Extracts from Christendom and Islam: Their Contacts and Cultures Down the Centuries by W. Wilson Cash, an old book that I am editing for reprinting in my free time... this has become another fun project for learning. Wilson speaks particularly to the need for indigenous and faithful Christ-following for every community. As the book's title implies, he also speaks to the nature of earlier Islam in relation to Christianity.
In the expansion of Christianity in that period there seems to have been no idea of making the Church indigenous. On the other hand, everything seems to have been done to emphasize its Greek character. Harnack says, “There are no pre-Mohammed translations of the Bible into Arabic, and that is strong proof that Christianity has not found any footing at all among the Arabs in early times.” Bell, too, tells us in The Origin of Islam in its Christian Environment (page 17) that “the language of Christianity in the East was Aramaic or Syriac and there is no evidence of a Christian Church using Arabic in its services.” [...]
It is significant that Mohammed supplied for the Arabs just those elements which, if they had been provided by Christianity at an earlier date, would have made the Church a national, indigenous body with its own Arab expression.
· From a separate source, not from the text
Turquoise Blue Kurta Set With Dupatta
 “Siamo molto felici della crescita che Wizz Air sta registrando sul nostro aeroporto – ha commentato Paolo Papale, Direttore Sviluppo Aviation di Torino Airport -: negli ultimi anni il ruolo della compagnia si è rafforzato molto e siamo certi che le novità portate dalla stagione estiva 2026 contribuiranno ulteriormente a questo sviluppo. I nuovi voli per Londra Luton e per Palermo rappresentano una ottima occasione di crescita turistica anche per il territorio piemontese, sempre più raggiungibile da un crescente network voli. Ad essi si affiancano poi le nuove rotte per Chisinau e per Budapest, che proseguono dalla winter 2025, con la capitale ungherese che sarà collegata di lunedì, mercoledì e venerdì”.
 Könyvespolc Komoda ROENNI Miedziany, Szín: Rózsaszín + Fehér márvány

He gave them a book in their own tongue, and composed in a style that was beloved by all Arabs. They were illiterate, but they would listen for hours together to recitals of stories mainly taken from the Bible, stories spoken not in dull prose but in a rhythm that has a peculiar charm for all who know the language. He presented religion to them as a great adventure, and he centered their faith in the simple dogma of the unity of God. He attracted his followers to himself and made Islam a matter of personal loyalty and allegiance. Every Arab who became a Mohammedan felt that the Prophet belonged to him. He was a son of the desert. He lived their life and understood their point of view. While they had refused to give up their idols and their pagan customs for the Christian appeal, they readily accepted Islam. To them one faith was foreign and the symbol of a foreign power, the other was indigenous and offered security and independence.
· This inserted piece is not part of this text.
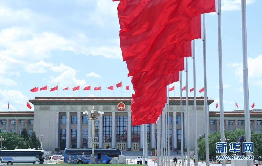 5月27日,中國(guó)人民政治協(xié)商會(huì)議第十三屆全國(guó)委員會(huì)第三次會(huì)議在北京人民大會(huì)堂舉行閉幕會(huì)。這是天安門廣場(chǎng)上紅旗飄揚(yáng)。 新華網(wǎng) 翟子赫 攝
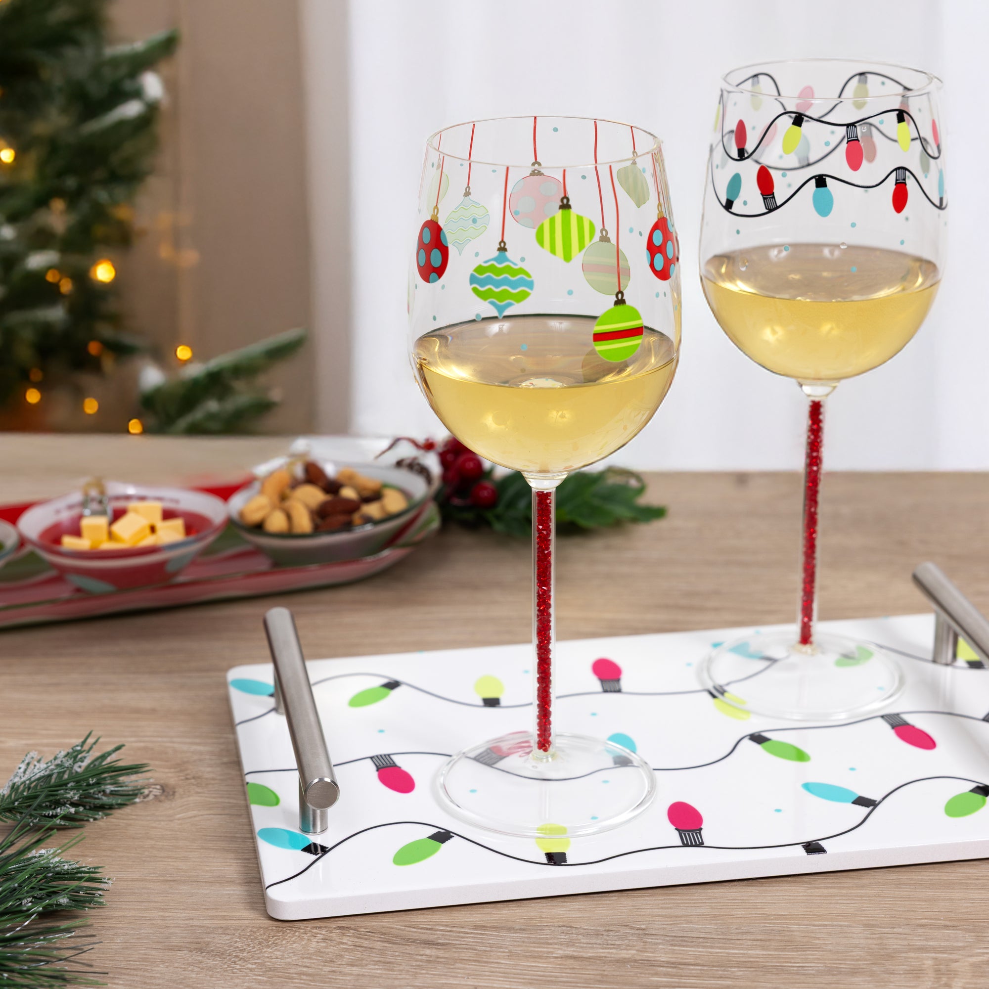 - PREMIUM QUALITY: This 17 oz wine glass includes a full-wrap opaque decal featuring colorful holiday string lights, raised glossy accents, metallic touches, and red gemstones placed inside the stem for an illuminated seasonal effect. Crafted from high-quality glass with a smooth, comfortable rim for joyful holiday sipping. Hand wash only.

“Had Christianity produced a deep impression upon Arabia it would no doubt have burst through the conventions which confined poetry to the subject and temper of the old desert life, or at least have produced a religious literature of its own. But it was left to Islam to bring that impulse, if indeed Islam did convey it to the Arabs of the desert.” (Bell, p, 50.)
It is doubtful indeed whether the Scriptures were ever translated into any of the North African vernaculars.
When Constantine the Great gave his patronage to Christianity and made the Christian faith a factor in State policy, he was laying the foundations for the collapse of Christianity four centuries later through an invading Moslem army.
[Early] Islam to many was a lay movement and appeared very much like a simplified and reformed Christianity.